WORK INSTRUCTIONS: The data below should be printed in full, exactly, and without any of its images.

MATERIAL PROVIDED:
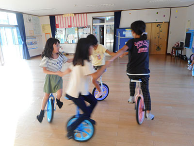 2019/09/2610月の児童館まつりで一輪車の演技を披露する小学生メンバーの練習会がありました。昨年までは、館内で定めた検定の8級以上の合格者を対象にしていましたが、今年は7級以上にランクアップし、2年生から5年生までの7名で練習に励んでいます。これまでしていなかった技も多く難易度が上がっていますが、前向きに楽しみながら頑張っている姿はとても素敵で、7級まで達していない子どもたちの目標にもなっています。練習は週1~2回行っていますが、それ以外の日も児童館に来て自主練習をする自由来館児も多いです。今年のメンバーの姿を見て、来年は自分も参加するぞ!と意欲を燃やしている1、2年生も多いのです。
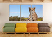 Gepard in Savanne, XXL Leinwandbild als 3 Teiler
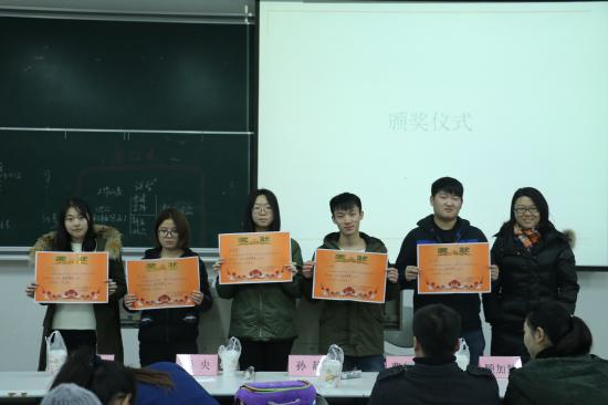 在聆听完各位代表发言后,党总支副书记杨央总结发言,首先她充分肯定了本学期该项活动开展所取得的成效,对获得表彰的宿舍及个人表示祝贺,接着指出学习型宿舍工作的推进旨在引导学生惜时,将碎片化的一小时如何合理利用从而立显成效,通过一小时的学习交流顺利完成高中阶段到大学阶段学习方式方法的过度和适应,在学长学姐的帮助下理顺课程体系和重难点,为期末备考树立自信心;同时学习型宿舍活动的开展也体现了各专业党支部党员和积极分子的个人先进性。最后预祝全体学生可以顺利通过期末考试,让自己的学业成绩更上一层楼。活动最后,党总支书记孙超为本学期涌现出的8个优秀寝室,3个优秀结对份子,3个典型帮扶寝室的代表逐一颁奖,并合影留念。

RESULT BELOW:
 2019/09/2610月の児童館まつりで一輪車の演技を披露する小学生メンバーの練習会がありました。昨年までは、館内で定めた検定の8級以上の合格者を対象にしていましたが、今年は7級以上にランクアップし、2年生から5年生までの7名で練習に励んでいます。これまでしていなかった技も多く難易度が上がっていますが、前向きに楽しみながら頑張っている姿はとても素敵で、7級まで達していない子どもたちの目標にもなっています。練習は週1~2回行っていますが、それ以外の日も児童館に来て自主練習をする自由来館児も多いです。今年のメンバーの姿を見て、来年は自分も参加するぞ!と意欲を燃やしている1、2年生も多いのです。
 Gepard in Savanne, XXL Leinwandbild als 3 Teiler
 在聆听完各位代表发言后,党总支副书记杨央总结发言,首先她充分肯定了本学期该项活动开展所取得的成效,对获得表彰的宿舍及个人表示祝贺,接着指出学习型宿舍工作的推进旨在引导学生惜时,将碎片化的一小时如何合理利用从而立显成效,通过一小时的学习交流顺利完成高中阶段到大学阶段学习方式方法的过度和适应,在学长学姐的帮助下理顺课程体系和重难点,为期末备考树立自信心;同时学习型宿舍活动的开展也体现了各专业党支部党员和积极分子的个人先进性。最后预祝全体学生可以顺利通过期末考试,让自己的学业成绩更上一层楼。活动最后,党总支书记孙超为本学期涌现出的8个优秀寝室,3个优秀结对份子,3个典型帮扶寝室的代表逐一颁奖,并合影留念。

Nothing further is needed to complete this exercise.